# Visting from National BBQ News Forum



## quemeupscotty (Jul 4, 2008)

Hey folks!

Another member of the National BBQ News Forum posted a link to information on this forum, so I thought I would visit with y'all for a bit.

I've got a couple of years experience with backyard smokin' and catering/cookin' for small-large fund raising events.  Haven't yet taken the plunge to go full time catering, but it is on the planning board.  I've been a risk management type for 28 years and look forward to transitioning over to food service to add a bit more stress to the daily routine in what some might consider the reitrement years.

I use a WSM and a homemade Pig Cooker (gasser).  I am considering a Holstein or a Southern Pride rig for the larger events, and a Lang for comps and cooking for smaller crowds.  But, until I stroke the check, I'm always open to look at other cookers.  If you have had good experience with other cookers please feel free to share your thoughts.  Being a Scot I am also looking for well-cared-for rigs for sale.

Scotty


----------



## gooose53 (Jul 4, 2008)

Welcome to the SMF Scotty!!  Lots of nice and knowledgeable people here that can give you a hand if needed.  Don't make this the last time you visit.


----------



## meowey (Jul 4, 2008)

Welcome to SMF!  Glad you are here!

Take care, have fun, and do good!

Regards,

Meowey


----------



## sumosmoke (Jul 4, 2008)

Glad ya joined us at SMF, Scotty. This is a fine crowd of people that share that common bond of loving to use their smokers.


----------



## waysideranch (Jul 4, 2008)

Welcome Scotty.  I've been told to beam up a couple times myself.  Good luck on finding the right smoker and the catering business.

Scott


----------



## safety1 (Jul 4, 2008)

Welcome to the site from Montana


----------



## fatback joe (Jul 7, 2008)

Welcome to the forum. Little different "flavor" from here to there, but I think you will have good time here if you hang around a bit.


----------



## richoso1 (Jul 7, 2008)

Glad you stopped by the SMF, always nice to read a new face. Enjoy.


----------



## richtee (Jul 7, 2008)

Welcome to SMF Scotty. The Southern Pride units seem to get pretty high marks, but I'll admit ignorance on the Holstein line. Alot of us here are just backyard hacks, y'see...  ;{)
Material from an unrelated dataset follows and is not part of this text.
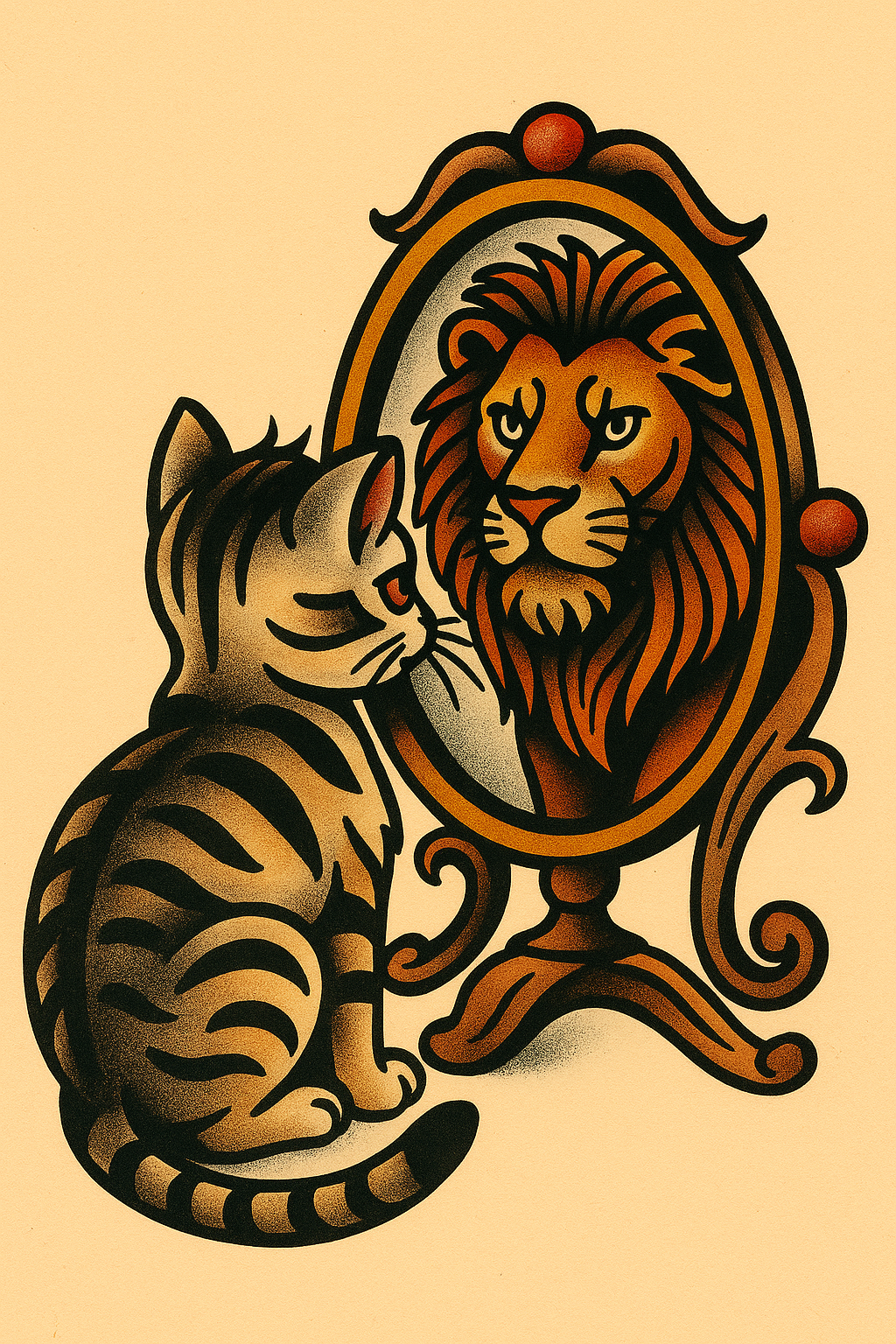 Kitten Gazing at Its Lion Reflection in a Tattoo Style
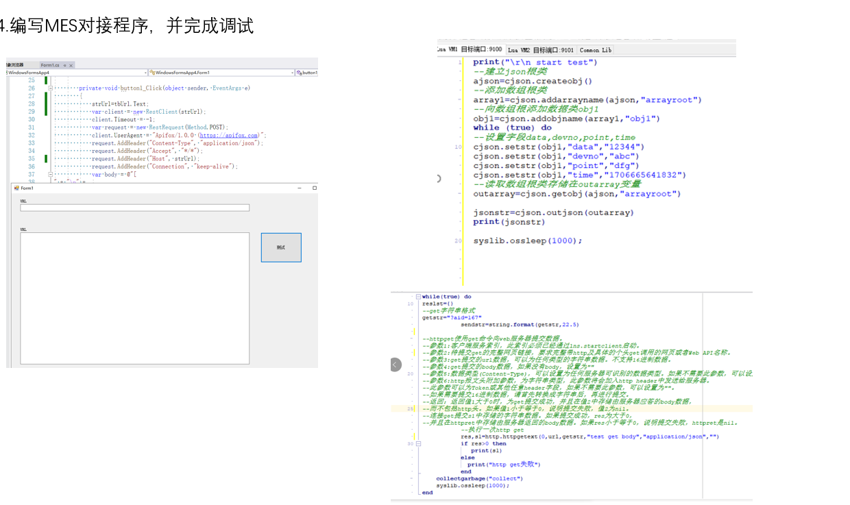 現(xiàn)在就說(shuō)一下接觸到的MES數(shù)據(jù)對(duì)接的大概流程。 1.和客戶確認(rèn)MES的接口,大部分是webapi,http。需要客戶提供URL地址(也就是MES服務(wù)器地址,一個(gè)網(wǎng)頁(yè)地址),Header(也就是標(biāo)頭,有些會(huì)和URL地址寫(xiě)一起),Content-Type(數(shù)據(jù)格式,大部分是 application/json),已經(jīng)請(qǐng)求的主題內(nèi)容,具體的每個(gè)客戶不一樣; 2.根據(jù)方案和需求選擇采用什么硬件做中間的客戶端,比如電腦+C#語(yǔ)言自己開(kāi)發(fā)、電腦+SCADA組態(tài)軟件、邊緣網(wǎng)關(guān)、采集盒子,具體看項(xiàng)目而定。 3.與PLC工程師對(duì)接數(shù)據(jù)地址,和數(shù)據(jù)格式,并完成與PLC交互測(cè)試。 4.編寫(xiě)MES對(duì)接程序,現(xiàn)場(chǎng)項(xiàng)目調(diào)試。 主要使用1.電腦+上位機(jī)語(yǔ)言(C#) 2.電腦+SCADA軟件(幾個(gè)知名的組態(tài)軟件都支持,品牌就不提了) 3.邊緣網(wǎng)關(guān)、組態(tài)盒子(品牌就不提了,有廣告嫌疑) 4.HMI觸摸屏(有部分觸摸屏有這個(gè)功能,但是都不夠靈活,)。 主體控制思路是 上位機(jī)開(kāi)啟兩個(gè)客戶端,一個(gè)對(duì)接PLC,一個(gè)對(duì)接MES系統(tǒng)。不停的讀取PLC的觸發(fā)信號(hào)線圈或者寄存器,條件滿足,則讀取預(yù)設(shè)的數(shù)據(jù)寄存器,并打包成需要上傳的格式,上傳至MES服務(wù)器。 以上只是常規(guī)的PLC與MES對(duì)接一種方法。其他還有MES主動(dòng)來(lái)讀取數(shù)據(jù)(比如WEBSOCKET等)、MQTT、以及PLC的MES模塊擴(kuò)展等。 帶小案例介紹 https://mp.weixin.qq.com/s/kR1Y5Hkh3VBpTNMs0EAVbw |

There's a few comp teams here that do very well, and a couple catering folk. They can help ya more than I can, but hang around and enjoy!


----------



## kratzx4 (Jul 7, 2008)

Welcome to SMF Glad you joined us. lots of good folks here that love to share information and good times with each other. I think you will like it here I look forward to you input as it surly will help some of us.


----------